The quality of the recognized text depends primarily on the quality of the original file and on the operation of the cuneiform package.

KBookOCR

Of course, this project was the impetus for another ambitious idea, which, together with the author of BookOCR, was brought to life by your humble servant b0noI . The idea was to implement a system suitable for use by visual aesthetes who prefer a visually beautiful design (this is at least), and as a maximum create a Linux-based project that would allow FineReader to be executed in an equally convenient and aesthetically beautiful way.

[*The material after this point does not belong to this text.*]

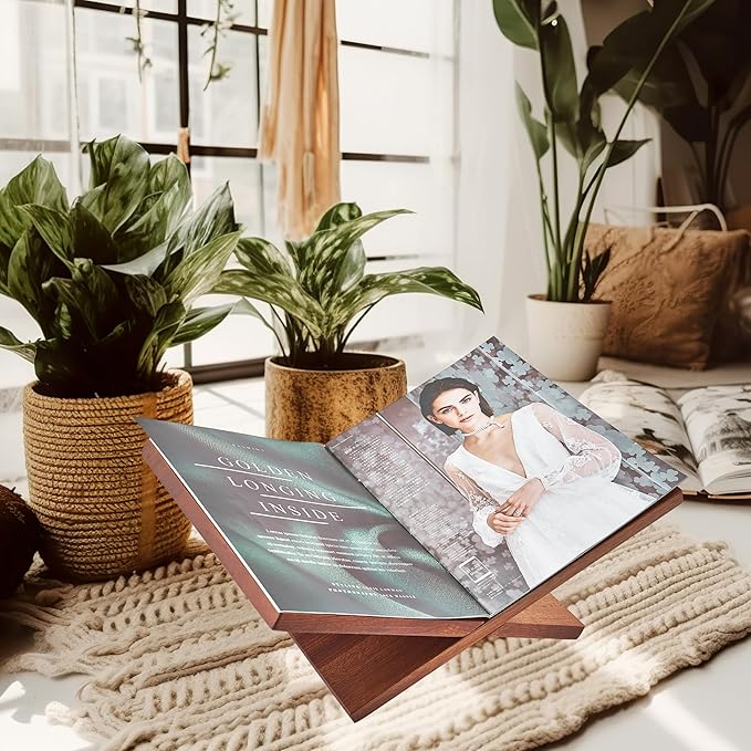 - MORE BOOKS WELCOME - Artwork, Bible, Cookbook, Magazine, Newspaper, Recipe Book, Textbook...the book you favorite. If it's shaped like a book, use this wood cross-frame holder to display them! The unique style protects the spine of your book as you do not need to open your book flat. It is a perfect angle to read from.

For development, the Qt library was selected. On the one hand, this project is an add-on on the BookOCR project, but it is not so simple. Since the integration had to make significant changes to the original script. There were special problems when implementing the preview of djvu files, since if the poppler project exists for pdf, then in the indicated cases the preview had to be implemented by a third-party bash utility. That is why, when installing KbookOCR, along with KbookOCR itself, not only BookOCR is installed, but also a console utility that is used to obtain the image used in the preview.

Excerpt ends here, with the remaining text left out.